## [Work item]
Leaving out the images, reproduce every line of the data that follows exactly.

## [Material provided]
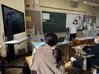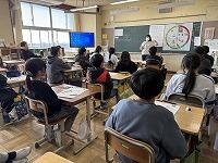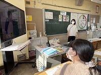 栄養教諭の先生の説明を動画撮影して、大型テレビに映して視聴しました
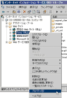 - 作成した更新作業用仮想サイト名「Temp」を選択し、メニューバーより[操作]→[プロパティ]をクリックします。
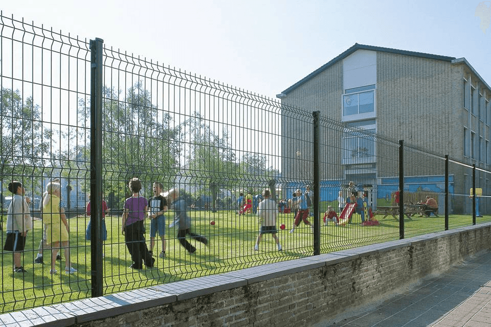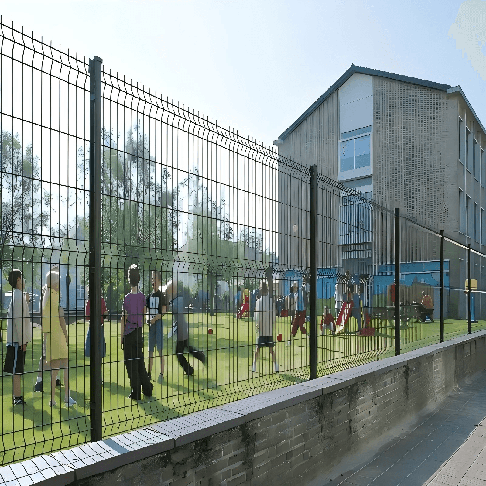 This 3D welded wire mesh features V-shaped bending curves. Curves increase anti-climb performance and visual appeal. It blocks unauthorized persons from entering school grounds. The fence also prevents students from leaving without permission. This keeps students safe throughout the school day. Additionally, it protects school facilities from potential damage.

## [Result below]
 栄養教諭の先生の説明を動画撮影して、大型テレビに映して視聴しました
 - 作成した更新作業用仮想サイト名「Temp」を選択し、メニューバーより[操作]→[プロパティ]をクリックします。
 This 3D welded wire mesh features V-shaped bending curves. Curves increase anti-climb performance and visual appeal. It blocks unauthorized persons from entering school grounds. The fence also prevents students from leaving without permission. This keeps students safe throughout the school day. Additionally, it protects school facilities from potential damage.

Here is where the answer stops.